◆ **WHAT YOU NEED TO DO**
In the material below, write out each line word for word and omit the pictures.

◆ **COLLECTED MATERIAL**
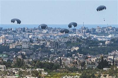 图为3月24日,飞机空投人道主义援助物资进入加沙地带。新华社/美联
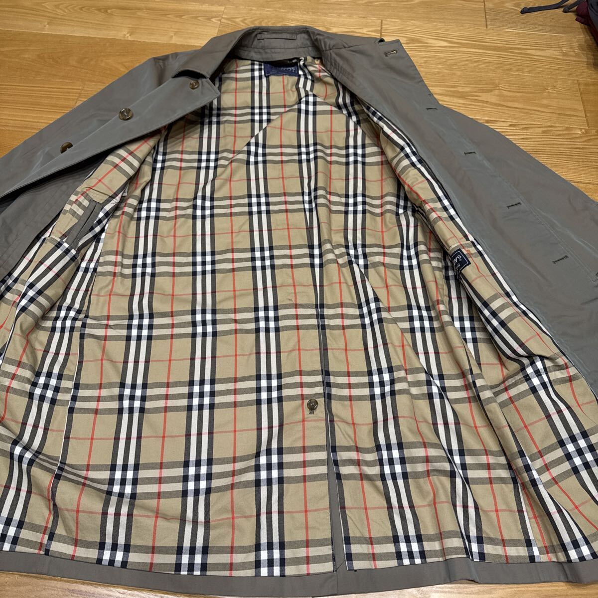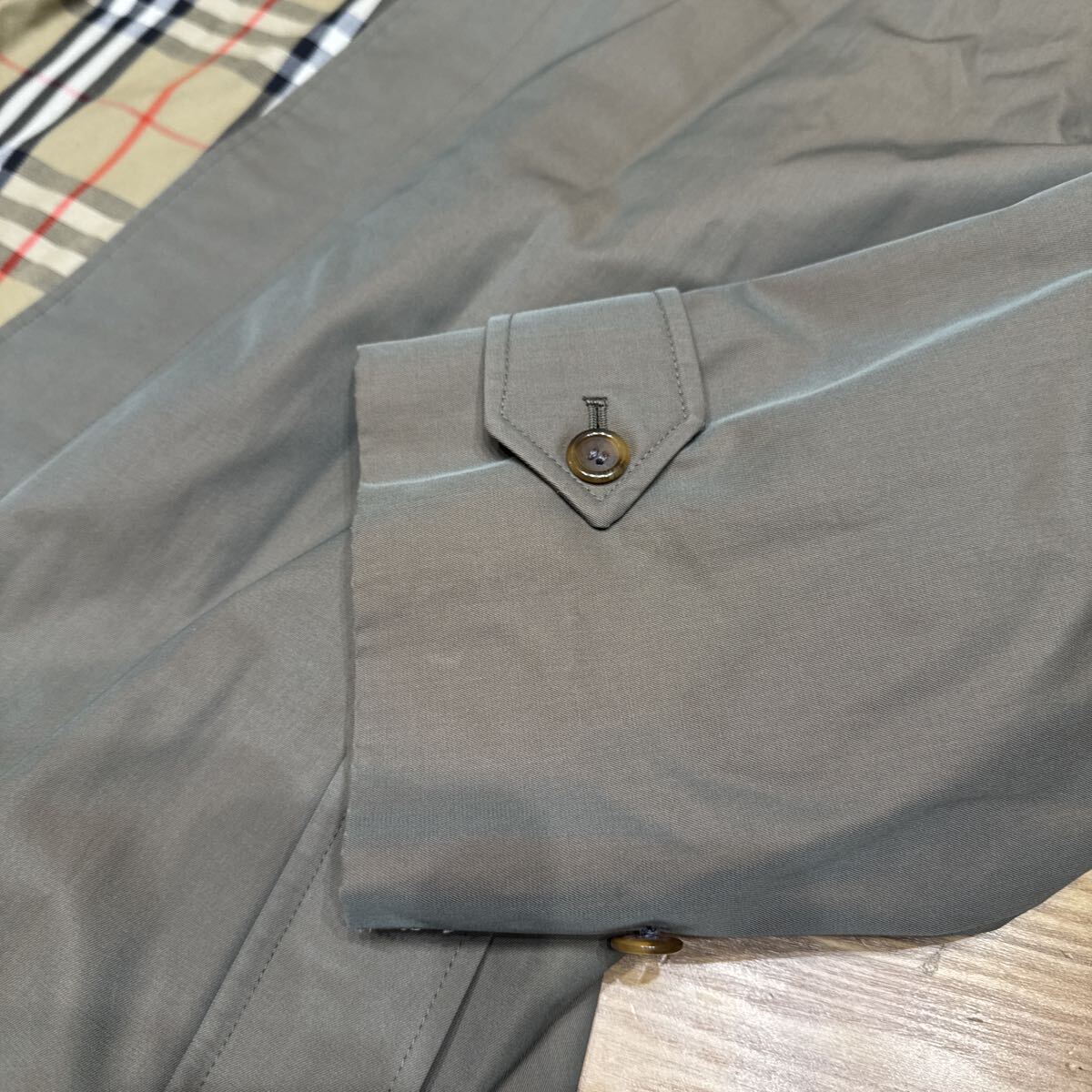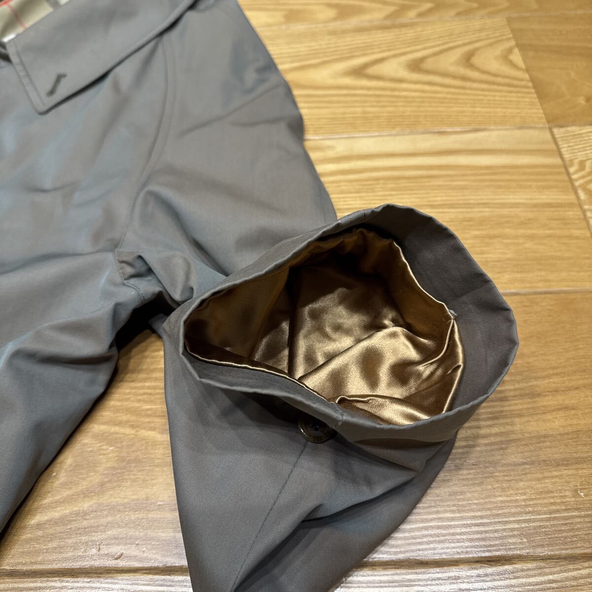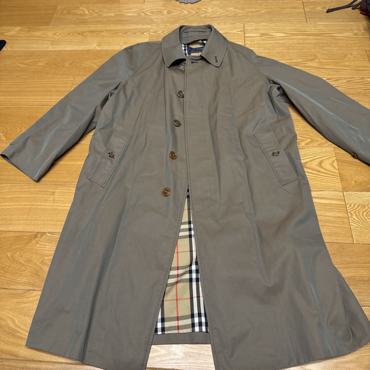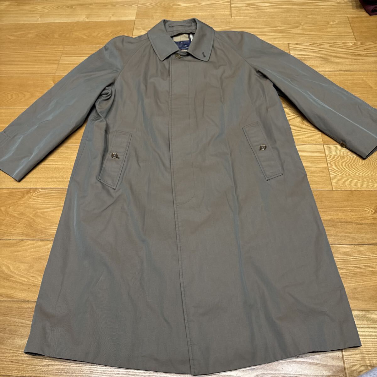 去年オークションで購入しましたサイズが合わないので安価で出品します。年々人気が上がってるバーバリーステンカラーコートです。カラーは玉虫色。脇下身幅59cm、ポケットのボタンあたりの身幅63cm、裾幅70cm。肩幅はラグランですがRのところまで47cm 着丈108cm イギリス製
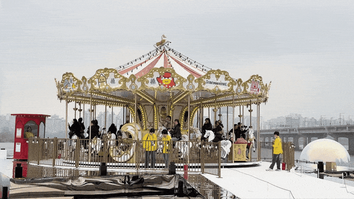 아이와 함께 한강을 찾은 서주인(34) 씨는 “아이가 아직 어려 놀이공원을 못 가봤는데 이렇게 함께 회전목마를 탈 수 있어서 기쁘다”고 탑승 소감을 밝혔다.
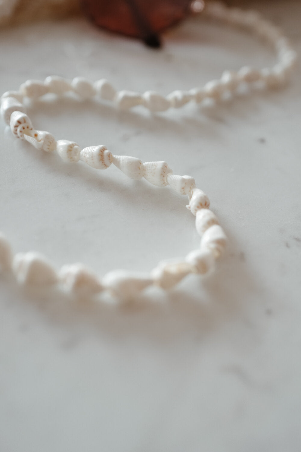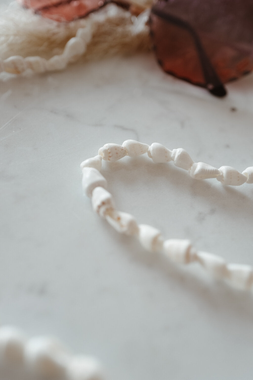 Unsere Clarine Necklace ist eine Brillenkette mit weißen Muscheln, welche auch als Masken-Kette getragen werden kann.

◆ **SOLVED EXERCISE**
 图为3月24日,飞机空投人道主义援助物资进入加沙地带。新华社/美联
 去年オークションで購入しましたサイズが合わないので安価で出品します。年々人気が上がってるバーバリーステンカラーコートです。カラーは玉虫色。脇下身幅59cm、ポケットのボタンあたりの身幅63cm、裾幅70cm。肩幅はラグランですがRのところまで47cm 着丈108cm イギリス製
 아이와 함께 한강을 찾은 서주인(34) 씨는 “아이가 아직 어려 놀이공원을 못 가봤는데 이렇게 함께 회전목마를 탈 수 있어서 기쁘다”고 탑승 소감을 밝혔다.
 Unsere Clarine Necklace ist eine Brillenkette mit weißen Muscheln, welche auch als Masken-Kette getragen werden kann.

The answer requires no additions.